Below is a block of records: output all of them exactly and leave out the pictures.

(Records drawn from a dataset)
§

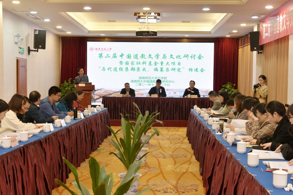(通讯员 刘紫薇)11月19日至20日,由我校大象影视大全在线观看、湖南师大中国道教文学研究中心主办的“第二届中国道教文学与文化研讨会暨国家社科基金重大项目“历代道经集部集成、编纂与研究”推进会”在长沙市麓山大酒店举行。会议围绕道教文学史、道教文学思想、道教仙传文学、道教山志文学及道教文学文化等5个议题进行探讨,总结了中国道教文学与文化的现有研究成果,对未来研究进行展望,并推动历代道经集部集成、编纂与研究工作向深层次发展。
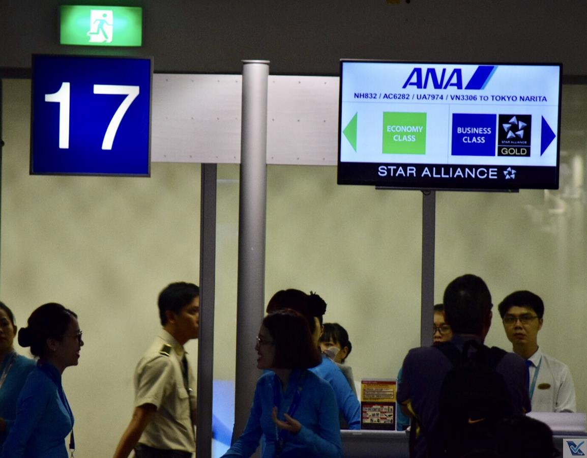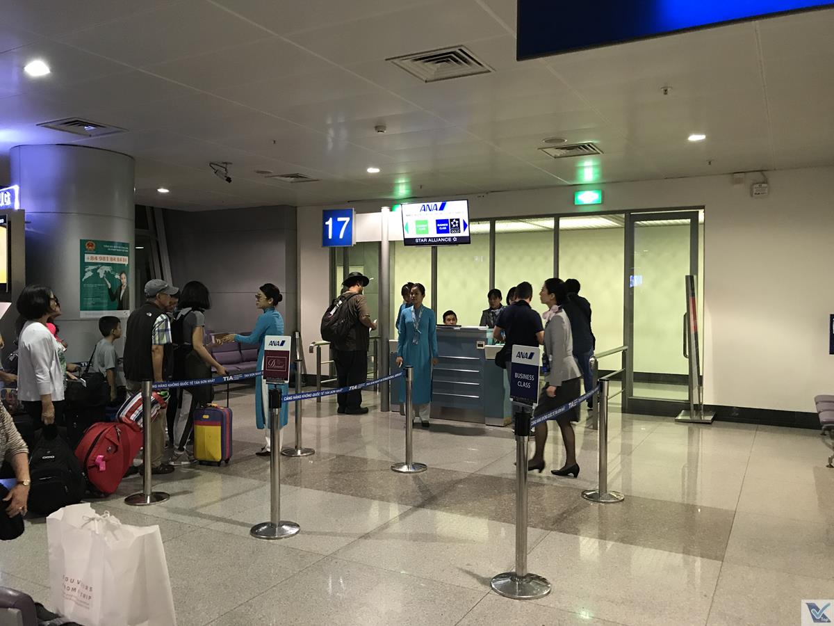 – o atendimento foi ótimo e atencioso, mas demorou um pouco para que a funcionária conferisse o meu passaporte e os vistos necessários para saída do Vietnã e entrada no Japão (por mais que eu fosse ficar apenas algumas horas por lá, fazendo conexão); ela me entregou um voucher para permitir meu acesso à Sala VIP terceirizada que a ANA utiliza neste aeroporto; por fim, me informou que o Portão 16 seria utilizado para o embarque do meu voo
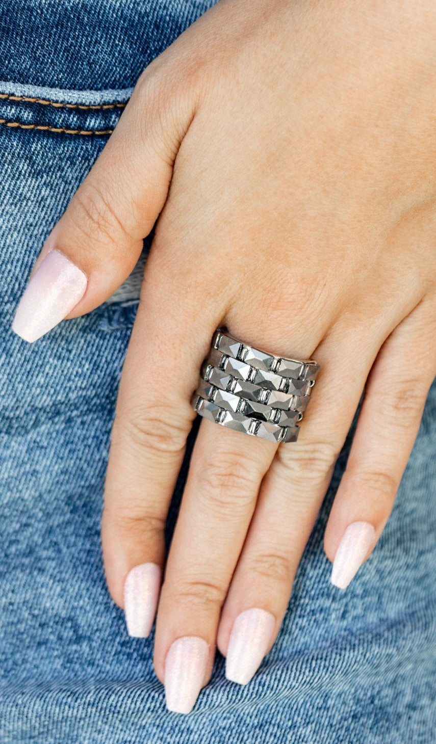 Featuring a flashy faceted surface, staggered rows of rectangular hematite rhinestones alternate with shiny silver bar-like accents across a thick silver band for a gritty-glamorous statement atop the finger. Features a stretchy band for a flexible fit.
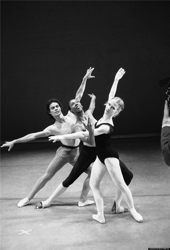 1977年5月的一个周二,古巴舞蹈演员Lazaro Carreno(左)、Maria Llorente(右)和Judith Jamison(中)在纽约一同演出。美国编舞家Alvin Ailey为两位来自古巴国家芭蕾舞团的演员量身定制芭蕾舞剧。
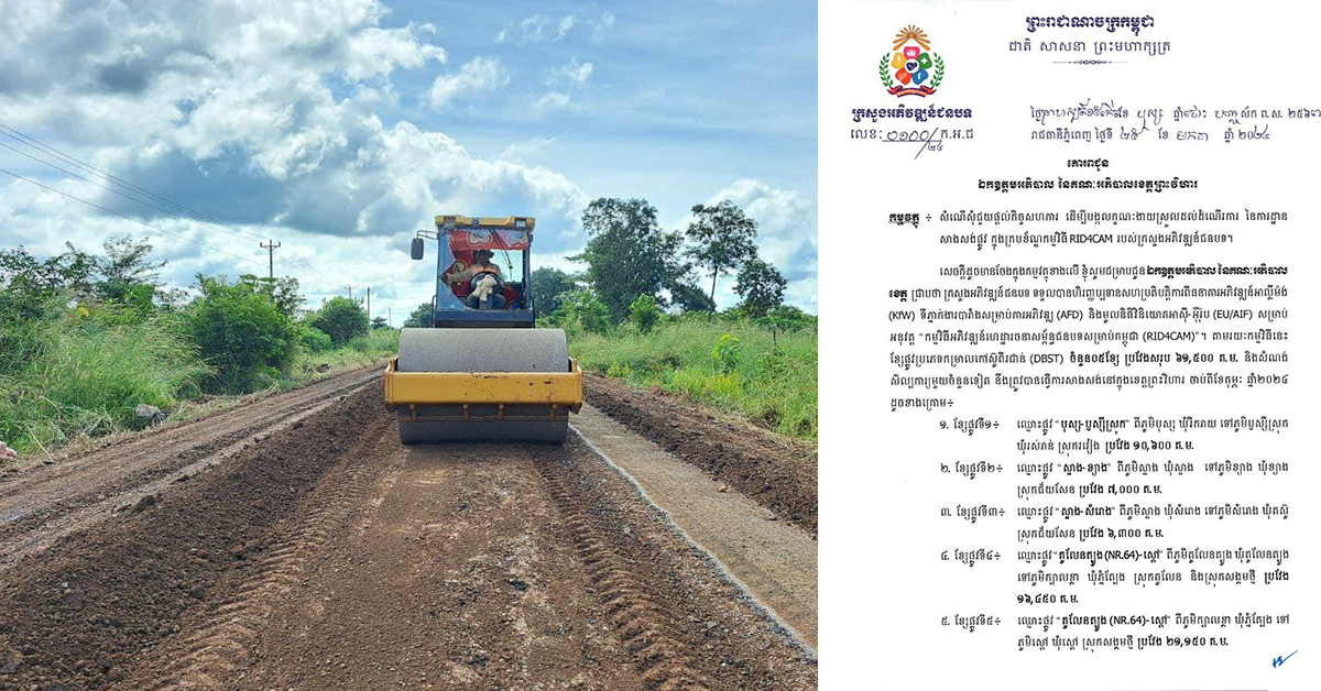(ព្រះវិហារ)៖ ផ្លូវក្រាលកៅស៊ូ ២ស្រទាប់ស្តើង ប្រភេទ (DBST) ចំនួន៥ខ្សែមានប្រវែងសរុប ៦១.៥០០គីឡូម៉ែត្រ និងសំណង់សិល្បការមួយចំនួនទៀត នឹងត្រូវបានសាងសង់នៅខេត្តព្រះវិហារ ចាប់ពីខែកុម្ភៈ ឆ្នាំ២០២៤តទៅ។ បើតាមសេចក្តីជូនដំណឹងរបស់ក្រសួងអភិវឌ្ឍន៍ជនបទ ដែលបណ្តាញព័ត៍មាន Fresh News ទទួលបាននូវរសៀលថ្ងៃទី០១ ខែកុម្ភៈ ឆ្នាំ២០២៤នេះ បានឱ្យដឹងទៀតថា ផ្លូវទាំង៥ខ្សែដែលគ្រោងសាងសង់ចាប់ពីខែកុម្ភៈនេះរួមមាន៖ *ខ្សែផ្លូវទី១ ឈ្មោះផ្លូវ «បុស្ស-ឫស្សីស្រុក» ពីភូមិបុស្ស ឃុំរីករាយ ទៅភូមិឫស្សីស្រុក ឃុំរួសរាន់ ស្រុករវៀង ប្រវែង ១០.៦០០គីឡូម៉ែត្រ។ *ខ្សែផ្លូវទី២ ឈ្មោះផ្លូវ «ស្អាង-ខ្យង» ពីភូមិស្អាង

§

Exercise solution:
(通讯员 刘紫薇)11月19日至20日,由我校大象影视大全在线观看、湖南师大中国道教文学研究中心主办的“第二届中国道教文学与文化研讨会暨国家社科基金重大项目“历代道经集部集成、编纂与研究”推进会”在长沙市麓山大酒店举行。会议围绕道教文学史、道教文学思想、道教仙传文学、道教山志文学及道教文学文化等5个议题进行探讨,总结了中国道教文学与文化的现有研究成果,对未来研究进行展望,并推动历代道经集部集成、编纂与研究工作向深层次发展。
 – o atendimento foi ótimo e atencioso, mas demorou um pouco para que a funcionária conferisse o meu passaporte e os vistos necessários para saída do Vietnã e entrada no Japão (por mais que eu fosse ficar apenas algumas horas por lá, fazendo conexão); ela me entregou um voucher para permitir meu acesso à Sala VIP terceirizada que a ANA utiliza neste aeroporto; por fim, me informou que o Portão 16 seria utilizado para o embarque do meu voo
 Featuring a flashy faceted surface, staggered rows of rectangular hematite rhinestones alternate with shiny silver bar-like accents across a thick silver band for a gritty-glamorous statement atop the finger. Features a stretchy band for a flexible fit.
 1977年5月的一个周二,古巴舞蹈演员Lazaro Carreno(左)、Maria Llorente(右)和Judith Jamison(中)在纽约一同演出。美国编舞家Alvin Ailey为两位来自古巴国家芭蕾舞团的演员量身定制芭蕾舞剧。
(ព្រះវិហារ)៖ ផ្លូវក្រាលកៅស៊ូ ២ស្រទាប់ស្តើង ប្រភេទ (DBST) ចំនួន៥ខ្សែមានប្រវែងសរុប ៦១.៥០០គីឡូម៉ែត្រ និងសំណង់សិល្បការមួយចំនួនទៀត នឹងត្រូវបានសាងសង់នៅខេត្តព្រះវិហារ ចាប់ពីខែកុម្ភៈ ឆ្នាំ២០២៤តទៅ។ បើតាមសេចក្តីជូនដំណឹងរបស់ក្រសួងអភិវឌ្ឍន៍ជនបទ ដែលបណ្តាញព័ត៍មាន Fresh News ទទួលបាននូវរសៀលថ្ងៃទី០១ ខែកុម្ភៈ ឆ្នាំ២០២៤នេះ បានឱ្យដឹងទៀតថា ផ្លូវទាំង៥ខ្សែដែលគ្រោងសាងសង់ចាប់ពីខែកុម្ភៈនេះរួមមាន៖ *ខ្សែផ្លូវទី១ ឈ្មោះផ្លូវ «បុស្ស-ឫស្សីស្រុក» ពីភូមិបុស្ស ឃុំរីករាយ ទៅភូមិឫស្សីស្រុក ឃុំរួសរាន់ ស្រុករវៀង ប្រវែង ១០.៦០០គីឡូម៉ែត្រ។ *ខ្សែផ្លូវទី២ ឈ្មោះផ្លូវ «ស្អាង-ខ្យង» ពីភូមិស្អាង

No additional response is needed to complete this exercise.